GSA Proxy Scraper as stand alone product can find you a lot more proxies in a shorter time than the basic scraper included in other products. In detail…
Please try the demo version of GSA Proxy Scraper and see for yourself.
All GSA Tools can use so called CONNECT-Proxies. Those proxies are usually anonymous and work perfectly. Other tools do not understand this type of proxy and use it as a normal WEB-Proxy. Sometimes the proxy does not work here or it reacts differently (no longer anonymous, blocked by google, requires authorization…). If you want to rule out this problem, you need to uncheck the testing for CONNECT proxies in options->filter.
Tools like ScrapeBox can not handle CONNECT proxies and so you will see different results when using them in that software.
There was something strange that I discovered when building the tool. When the program searches for new sources, it could happen that it found proxies who are on port 80 but only seem to work for bing.com. You see them in your list with that TAG and the anonymous level been gray it it could not check that.
I have checked that closely and really was not able to test that proxy successfully against anything else but bing. Sometimes I was able to access facebook.com or ebay.com with it. Even Twitter.com sometimes but thats it. Those proxies are only useful if you want to get access to those sites.
So what type is that I asked myself and opened that IP directly in browser. This is what you get:
Invalid URL The requested URL "[no URL]", is invalid. Reference #9.5c957441.1464336353.8984bf0
Having a look at the header showed:
HTTP/1.0 400 Bad Request Server: AkamaiGHost Mime-Version: 1.0 Content-Type: text/html Content-Length: 208 Expires: Fri, 27 May 2016 07:54:48 GMT Date: Fri, 27 May 2016 07:54:48 GMT Connection: close
OK so Server: AkamaiGHost. This is strange as I never heard anything about this. I searched for information about it and YES! Wikipedia had something for me. And the last sentence on this should get you worried:
The National Security Agency and Federal Bureau of Investigation have reportedly used Facebook's Akamai content delivery network (CDN) to collect information on Facebook users. Akamai has been accused of blocking access to web sites for visitors using Tor.
You better not use those sites for anything other than bing scraping. I would never use that for facebook and you should also stay away from that. To not use them in export files, just uncheck UNKNOWN as anonymous level and you rule them out.

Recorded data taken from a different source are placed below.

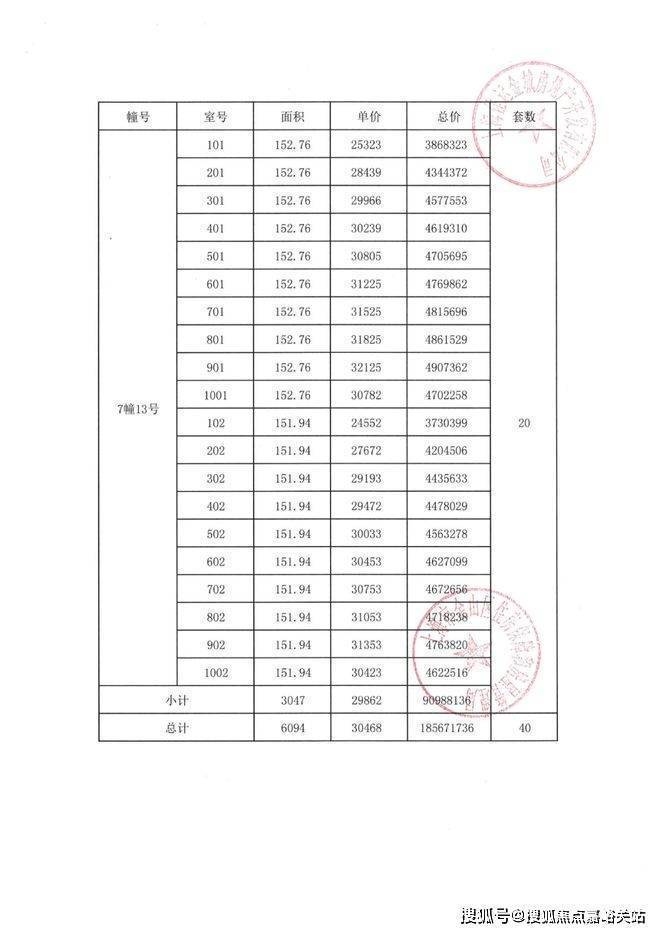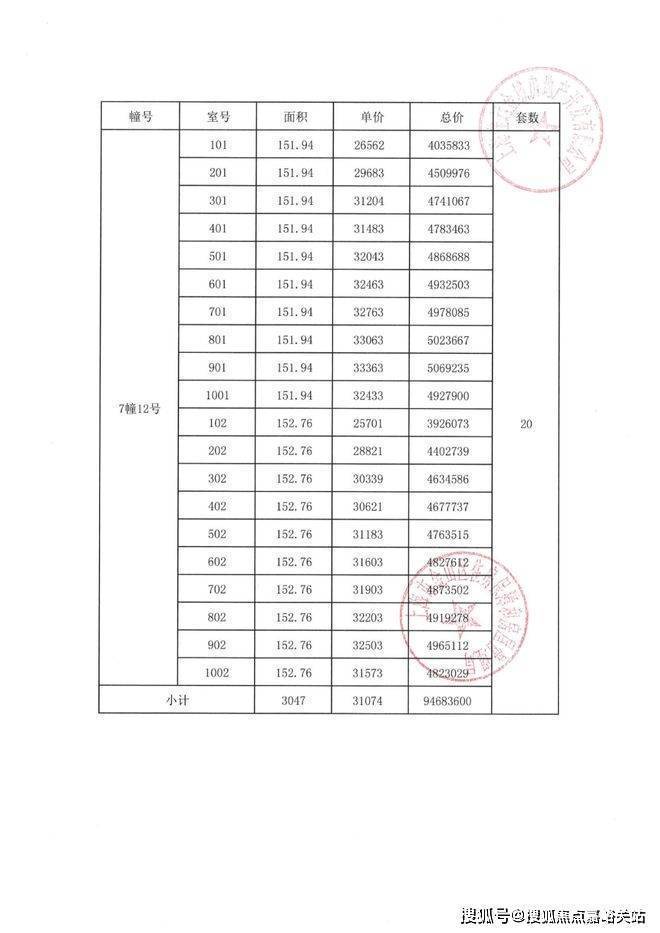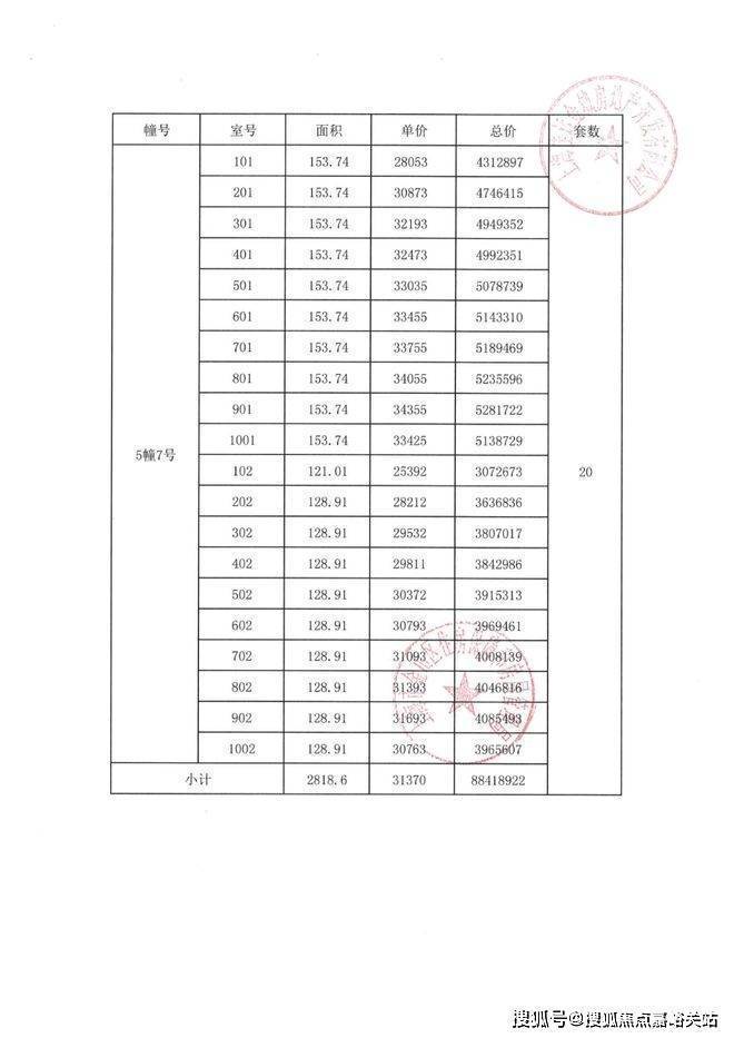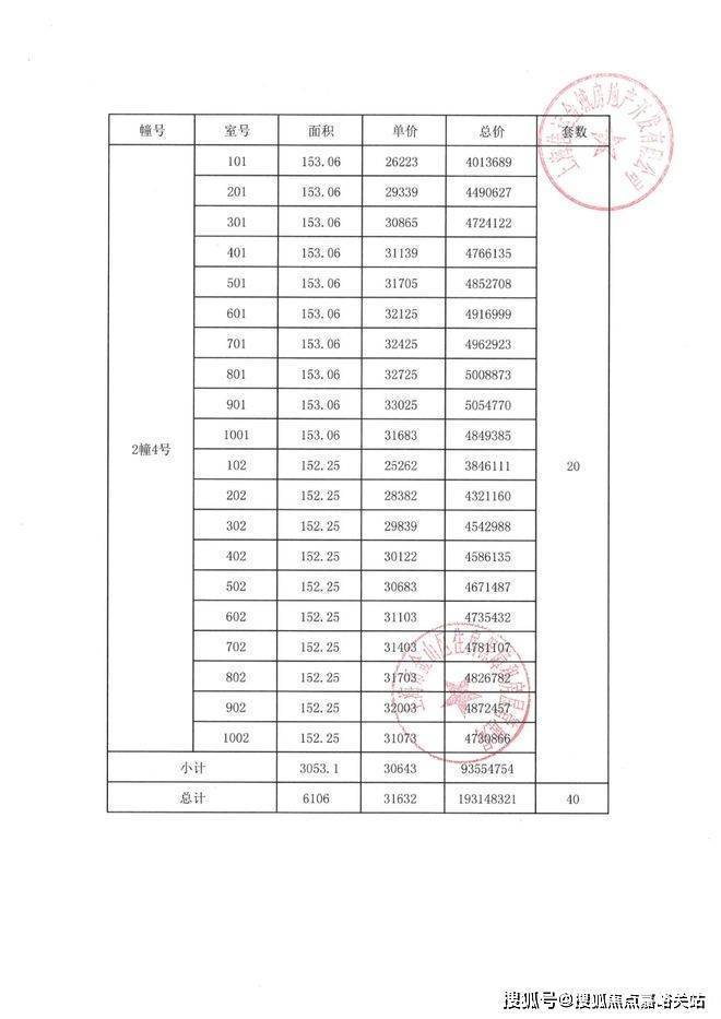 项目一房一价表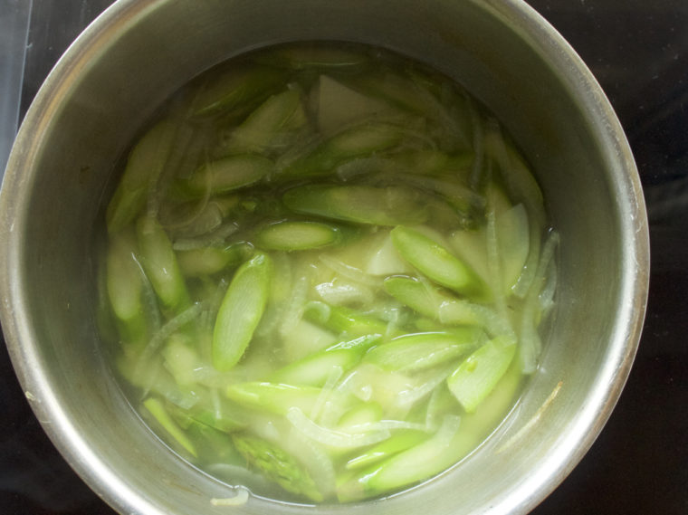 2)鍋を熱し、オリーブオイルを入れ、玉ねぎを中火で炒める。透き通ってきた らじゃがいも、アスパラを入れて、油が回ったら水出汁を入れ、 蓋をして2〜3分煮る。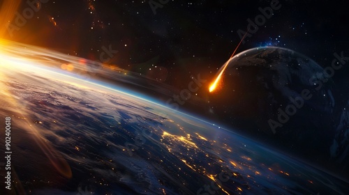 Wall mural : A view of the earth from space with a comet in the sky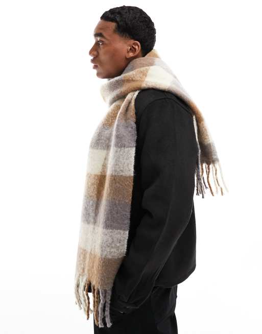 River Island oversized check scarf in beige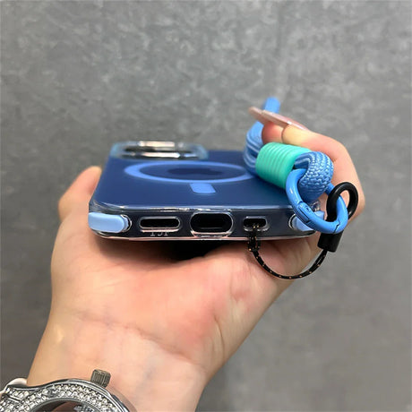 Luxury MagSafe Glitter Lens Protect Case with Crossbody Strap For iPhone 15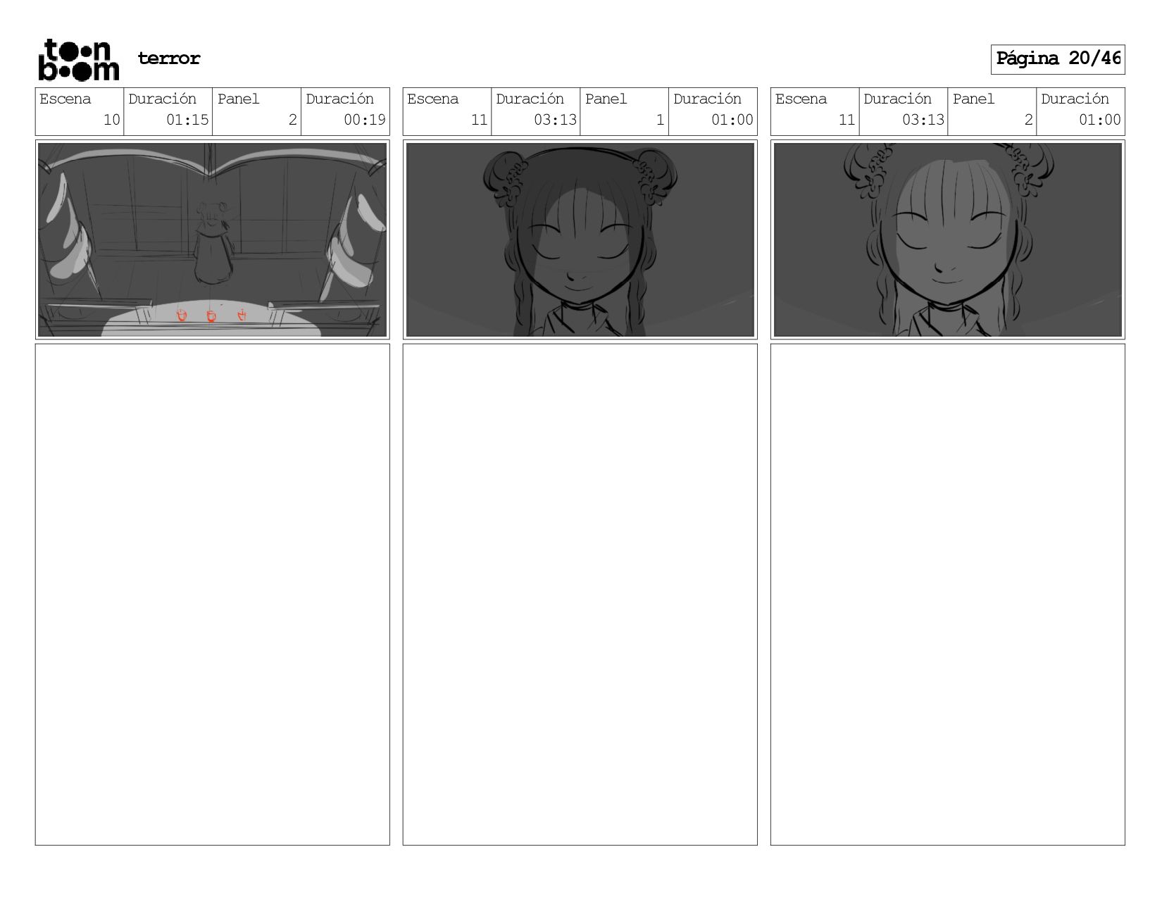 Duración 03:13 Panel 1 Duración 01:00 Escena 11 Duración 03:13 Panel 2 Duración 01:00 terror Página 20/46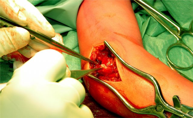 On the lateral side this can result in a dislocation or a fracture of the radius with or without involvement of the olecranon.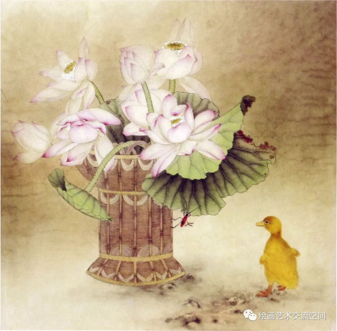 花篮平涂藤黄+朱磦。荷叶和梗继续用淡墨分染,留出叶筋。注意反叶稍浅。荷花花瓣平涂白粉,然后分染曙红。莲蓬用藤黄+朱磦+少量花青分染出结构。雏鸭平涂黄橙色,干后用稍深的黄橙色单笔丝毛,由浅到深,层层深入。鸭蹼用朱磦平涂,曙红分染,顺手把红天牛染出。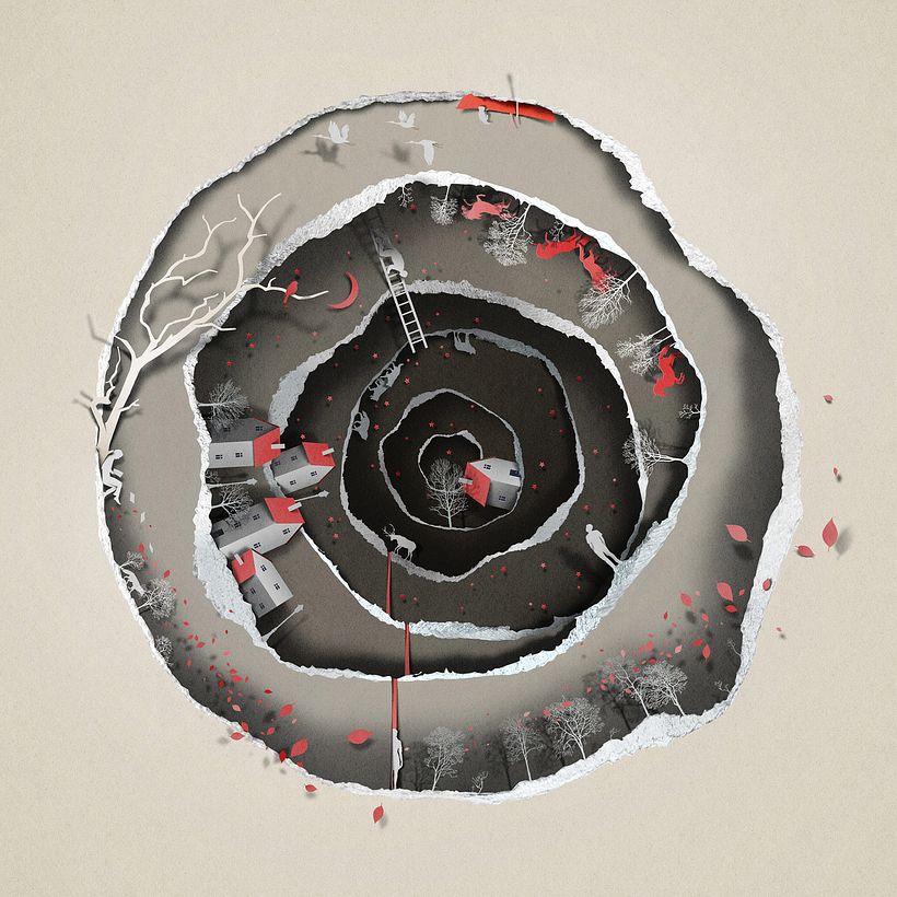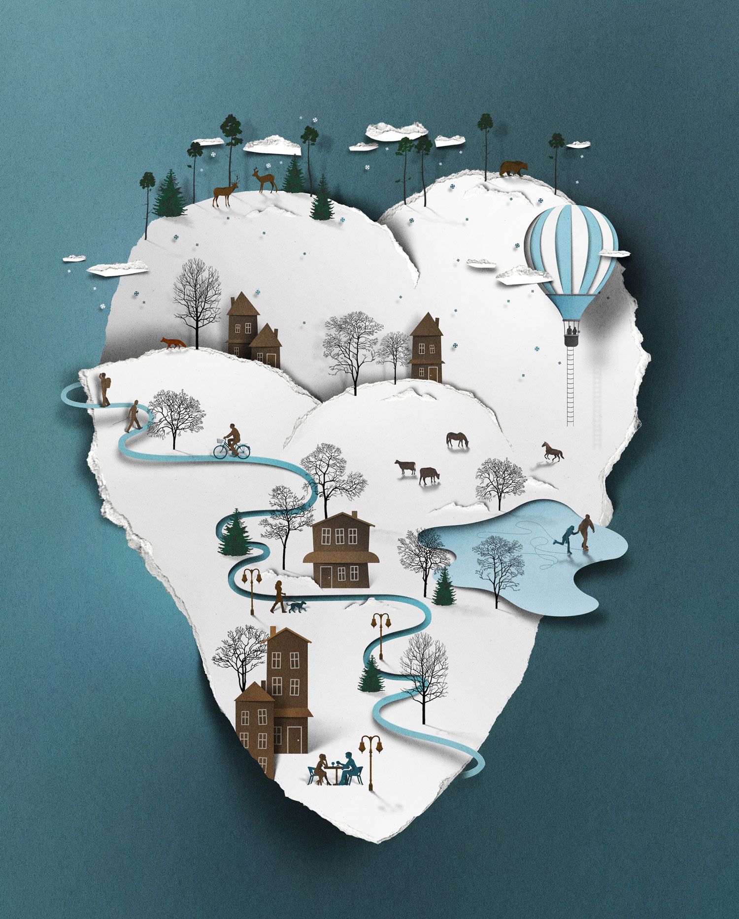 Eiko Ojala ha sabido hacer suyo un estilo que le permite convertir sus ilustraciones, dibujadas a mano por él mismo, en maravillosos trabajos de papercut digital.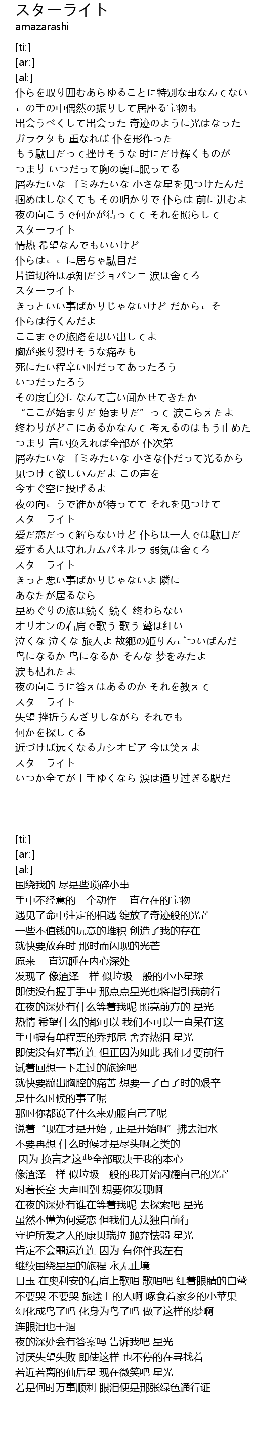 | [01:18.81] | 夜の向こうで何かが待ってて それを照らして スターライト |
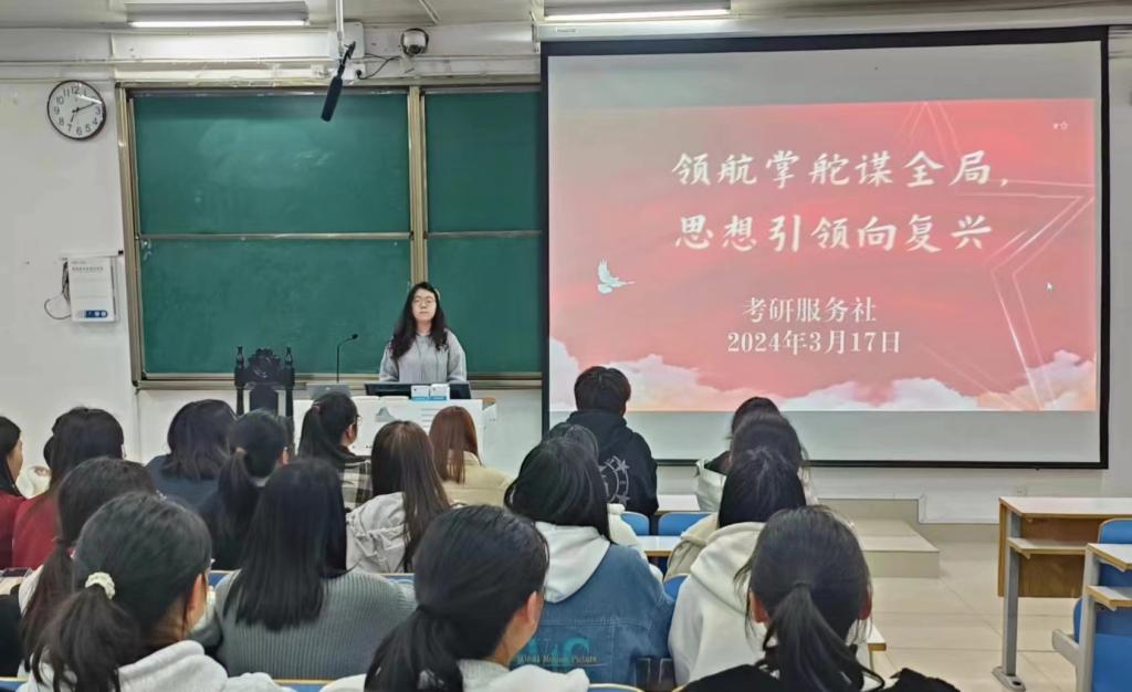 为深入学习贯彻习近平新时代中国特色社会主义思想,坚持全面深化改革,坚持新发展理念,坚持人与自然和谐共生等重大原则,3月17日晚,考研服务社在社科楼514开展了“领航掌舵谋全局,思想引领向复兴”主题团课。社团全体成员参加本次团课活动,团课由团支书冯钰丹主持。

Well yes, thats possible. However keep in mind that proxies are still public and might be banned quickly. To get just proxies being able to be used for E-Mail Verification do the following:
Now you will see the program searching for proxies and testing it only for email verification usage. The proxies can later be exported to a file and e.g. imported to GSA Email Verifier (if you still own it).
Open Regedit.exe and go to
HKEY_LOCAL_MACHINE → SYSTEM → CurrentControlSet → services → Tcpip → Parameters
and change settings…
TcpTimedWaitDelay - 30 (decimal)
MaxUserPort - 65534 (decimal)
This may sound more complicated as it really is. There are nice programs like sockscap that can hook up on any executable and add proxy support for it. Together with GSA Proxy Scraper, you can easily have rotating proxies for any application.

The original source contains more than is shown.